# What is being asked
Don't include pictures. Quote the lines below from the first through the line that contains "The image depicts".

Entries taken from a collection
───
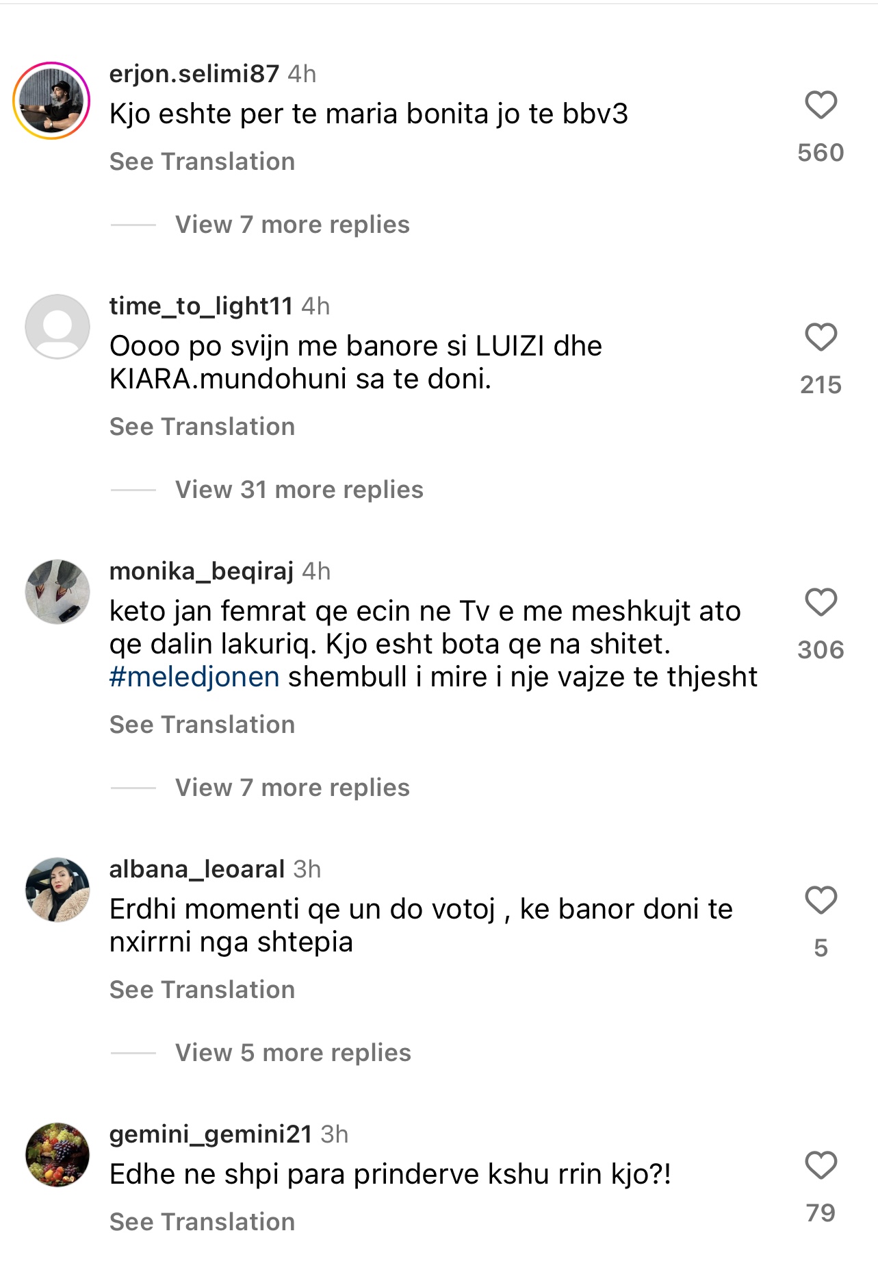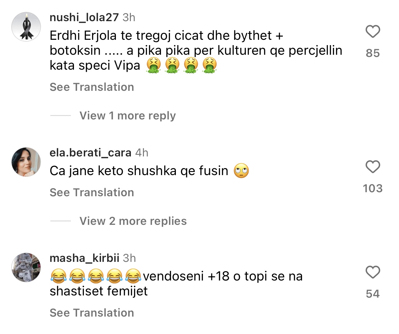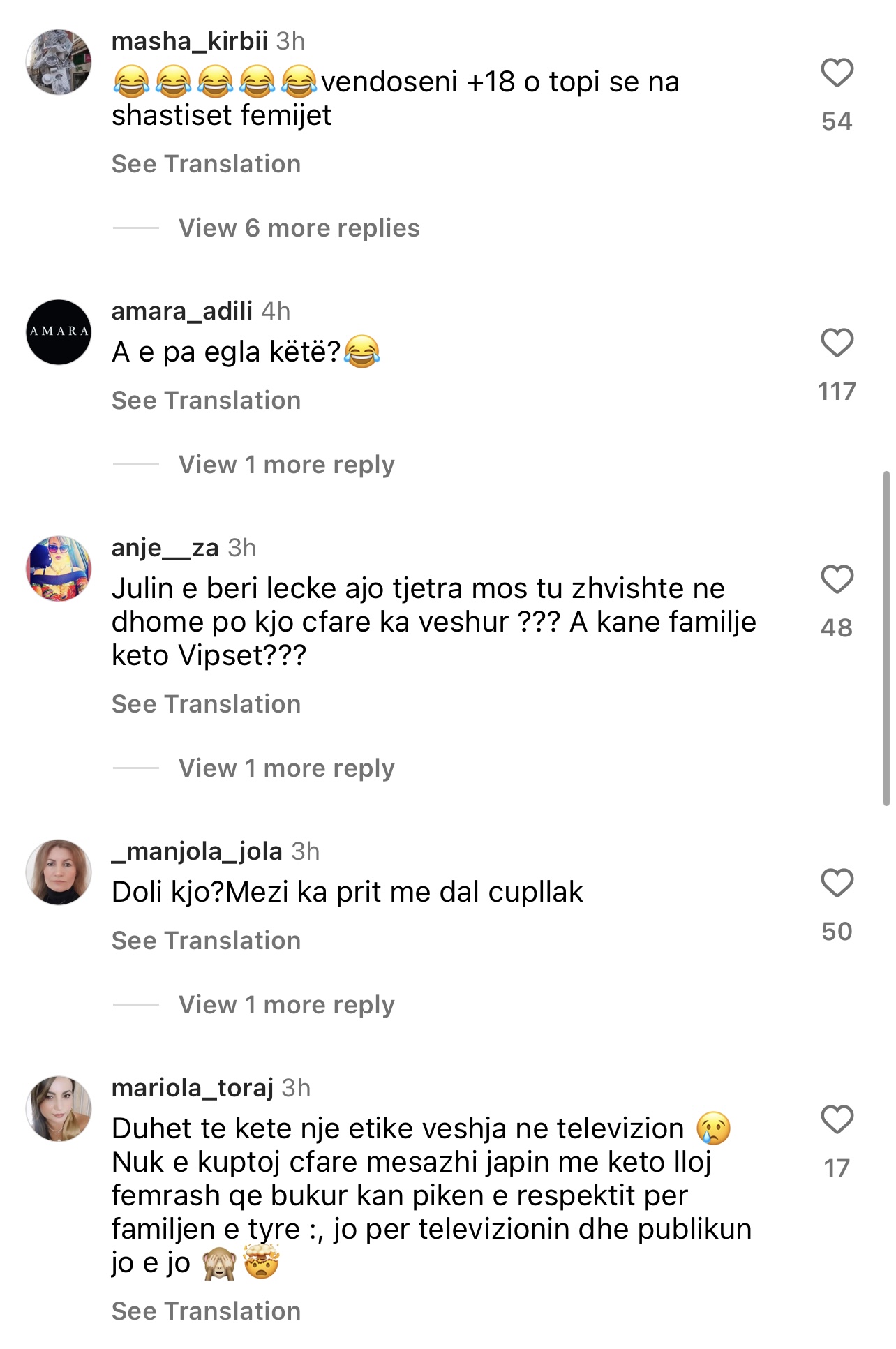 Komentuesit kanë shpërthyer negativisht ndaj saj, duke u shprehur si më poshtë:
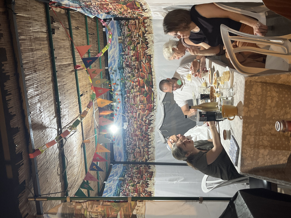 The image depicts six individuals gathered for an evening meal or social event inside a Sukkah in Kfar Saba, Israel
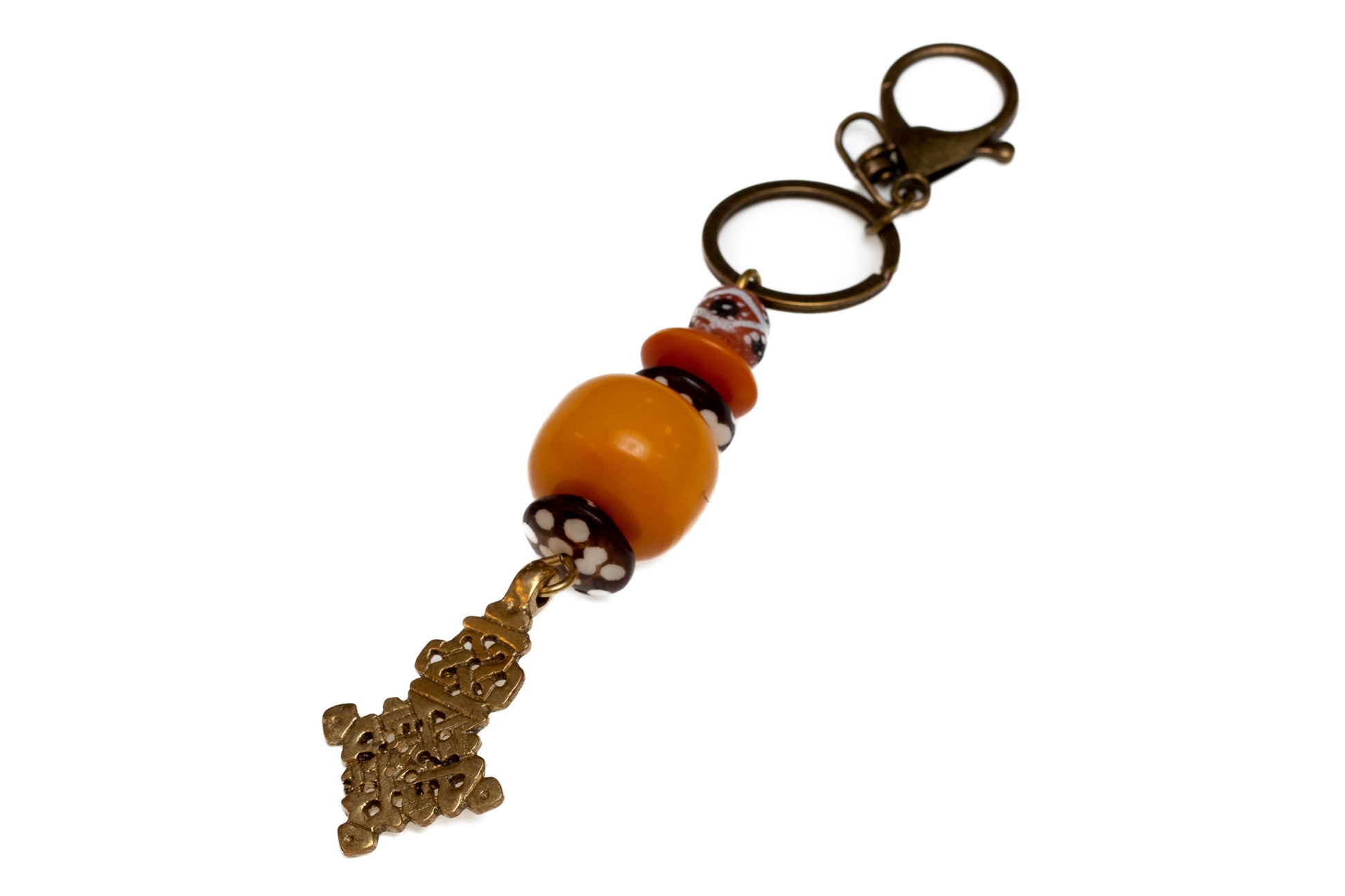 Nyckelring med pärlor och ett etiopiskt kors, varje exemplar med en unik design. Den är försedd med en hake för att kunna fästas på en väska som ett smycke eller på en ryggsäck.
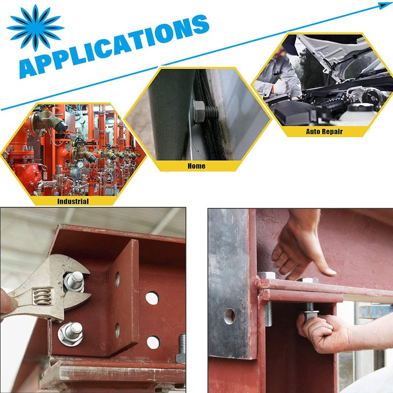 - ☛Widely Application: There is a wide flange at one end of the flange nut, which increases the bearing surface of the nut and is not easy to loosen. It can be used to replace the hexagonal nut and shock-proof gasket. It is widely used in automobiles, motorcycles, generators, home appliances and other projects.
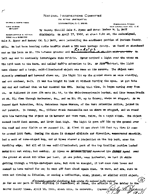 of Portage County, Ohio. We had been hearing radio traffic about
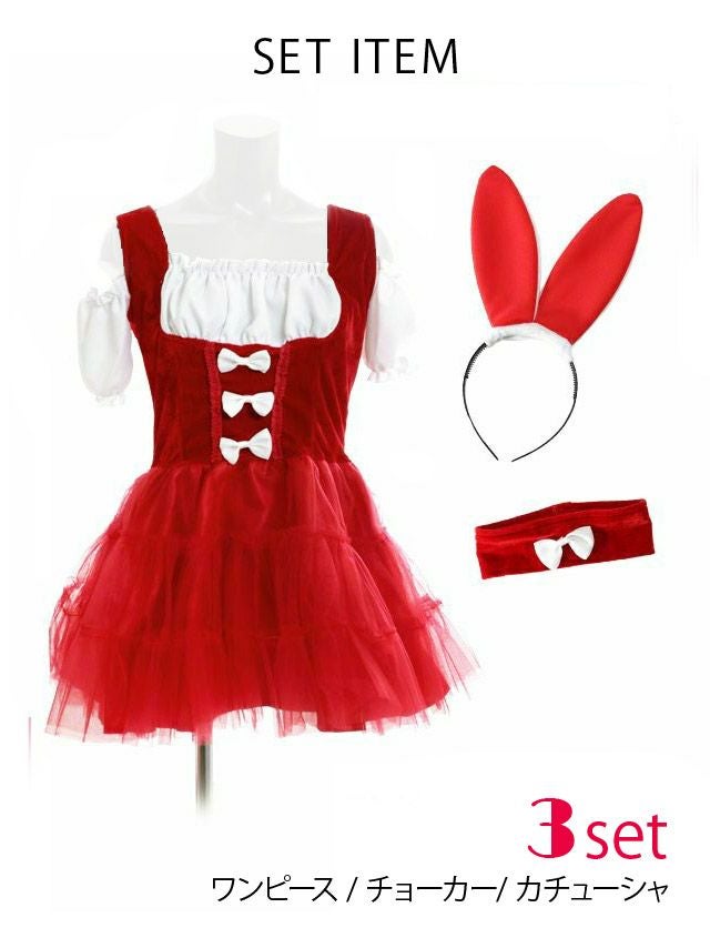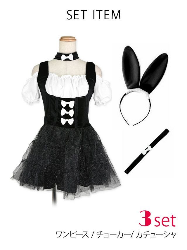 3. コスプレ リボン ふわふわチュール スカ―ト オフショル プチプラ ガーリー バニーガール [3点セット] (ワンピース/カチューシャ/チョーカー)(S~XL)
───
# Answer space
 Komentuesit kanë shpërthyer negativisht ndaj saj, duke u shprehur si më poshtë:
 The image depicts six individuals gathered for an evening meal or social event inside a Sukkah in Kfar Saba, Israel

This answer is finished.